PARODY OF WAR MOVIES ? Perhaps. War action scenes with stupid tactics even at the squad level ("They can spit napalm: let's bunch up!"), one technical error or discontinuity after another ... and after that's established, we have to suspend belief in *those* "world rules" whenever there's a mano-a-mandible close-up (note the changes in pace of battle and troop reaction time). Even then, some great foreshadowing and set-up opportunities go by unharvested, and the utterly superfluous shower scene defeats its own purpose.

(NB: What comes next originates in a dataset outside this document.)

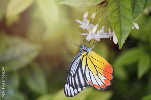 Closeup beautiful butterfly on wild water plum white flower in summer garden, monarch tiger butterfly wildlife insect in nature
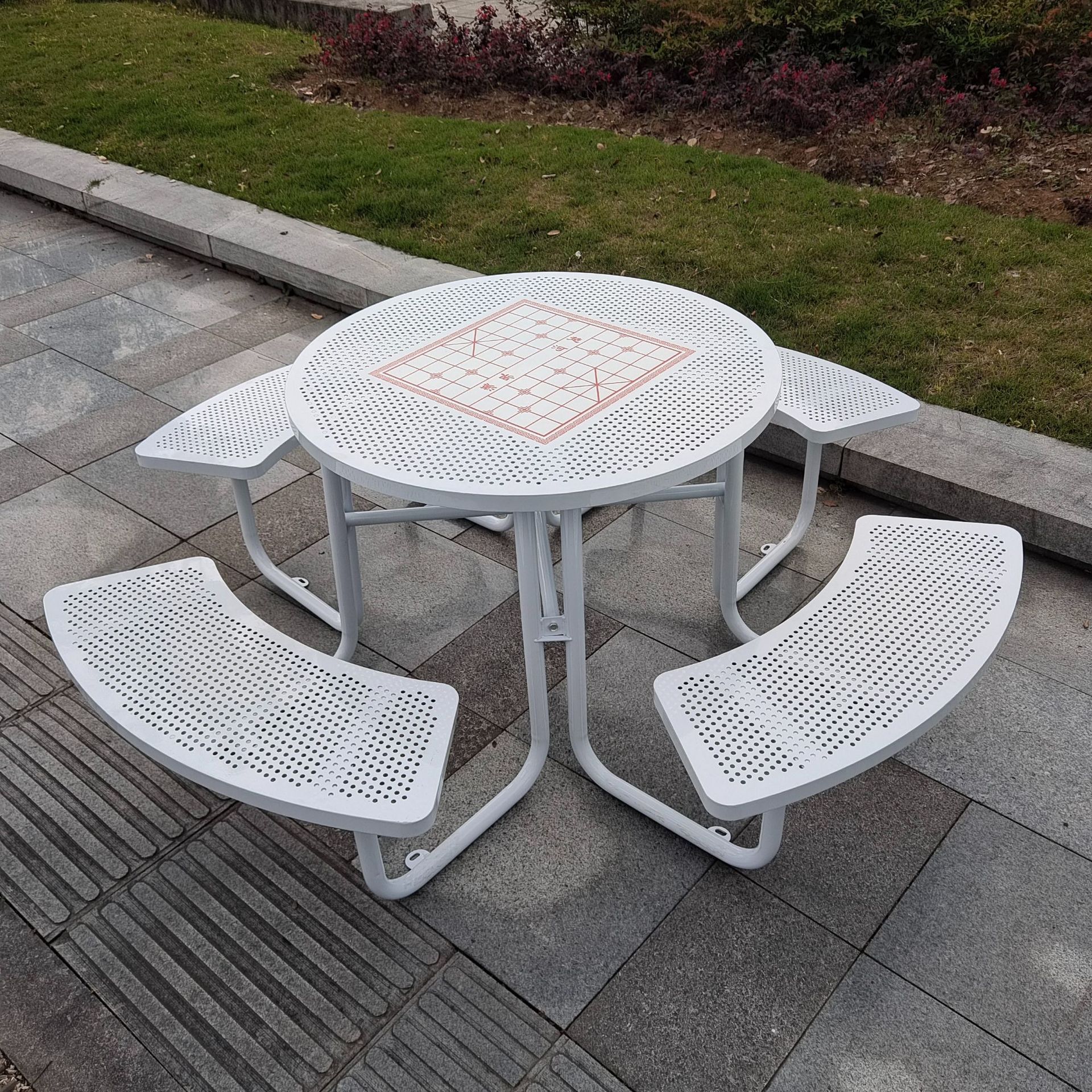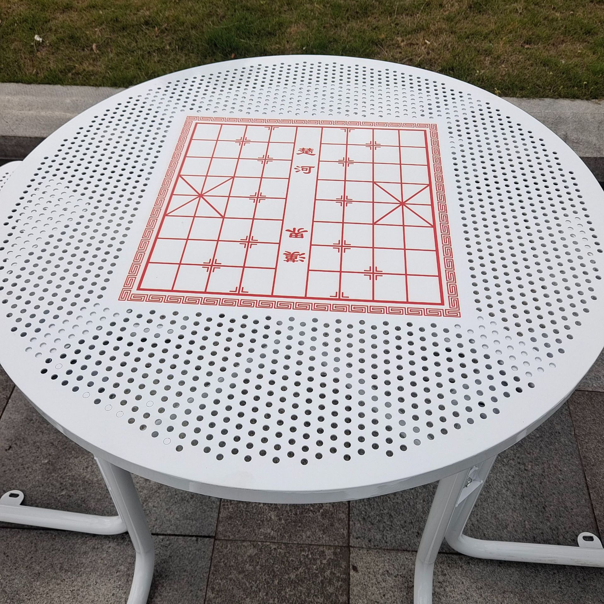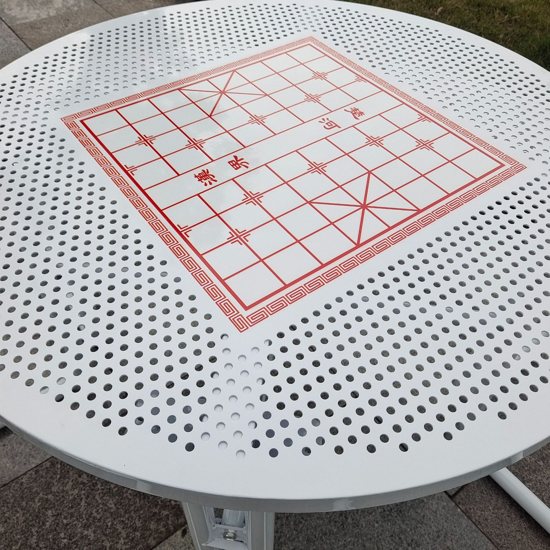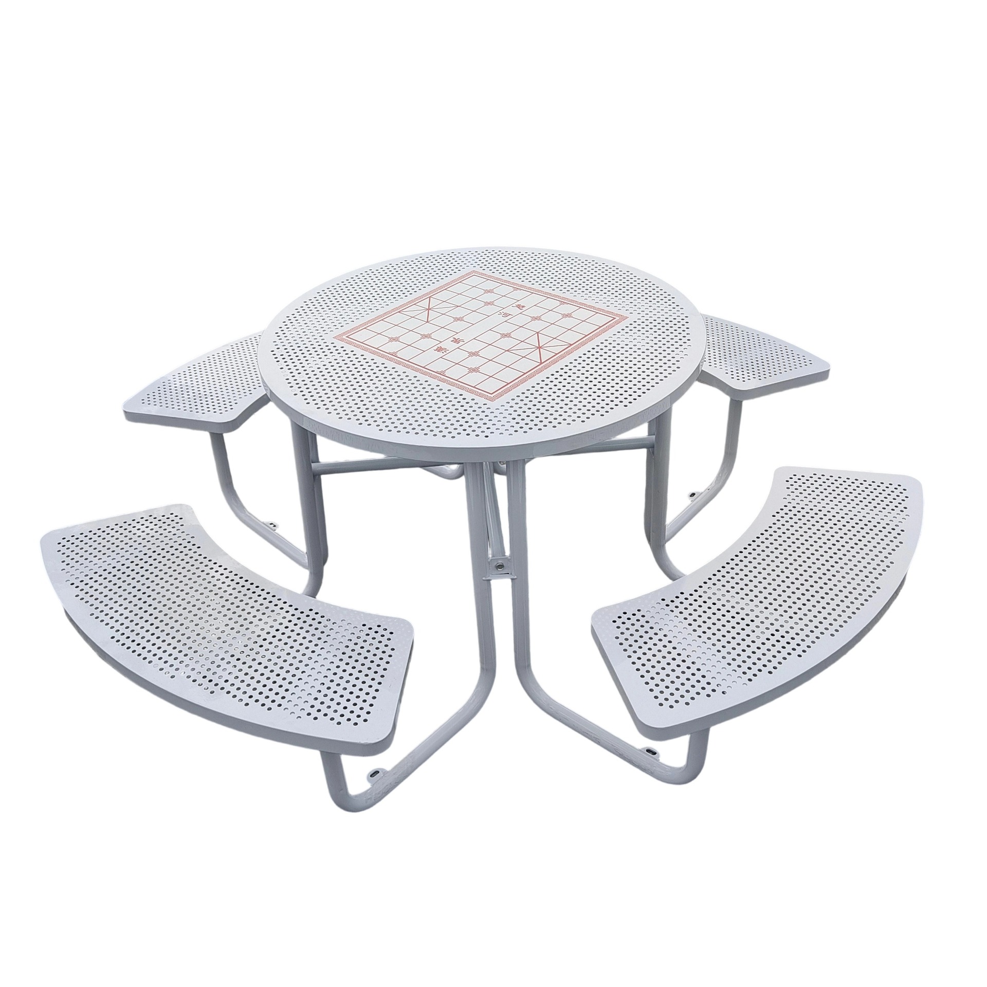 • 체커보드가 인쇄된 철제 흰색 원형 테이블

SPECIAL EFFECTS ? Nah. The formula stuff in action films gets standard-of-the-art computer simulation; the day-to-day details are incredibly cheap. For instance, when Rico is recovering from his leg wound, they give him a huge floatation tank, some cute wound-knitting creature, but force him to breathe through a gas-can hose and lie inconvenienced for "three more days". At first, I wondered why their established Name Actor (Neil Patrick Harris) was shuffled to a peripheral role. I finally figured it out: if they hadn't, Dr. Doogie would never have let them get away with all the errors in human physiology. With Carl out of the way, we get the classicly hilarious brain-sucking scene and Carmen's Polyanna attitude some 5 minutes later (when she should be bleeding heavily while Rico radios for a medic).
Overall, "Starship Troopers" erratic, sloppy, and ill-planned.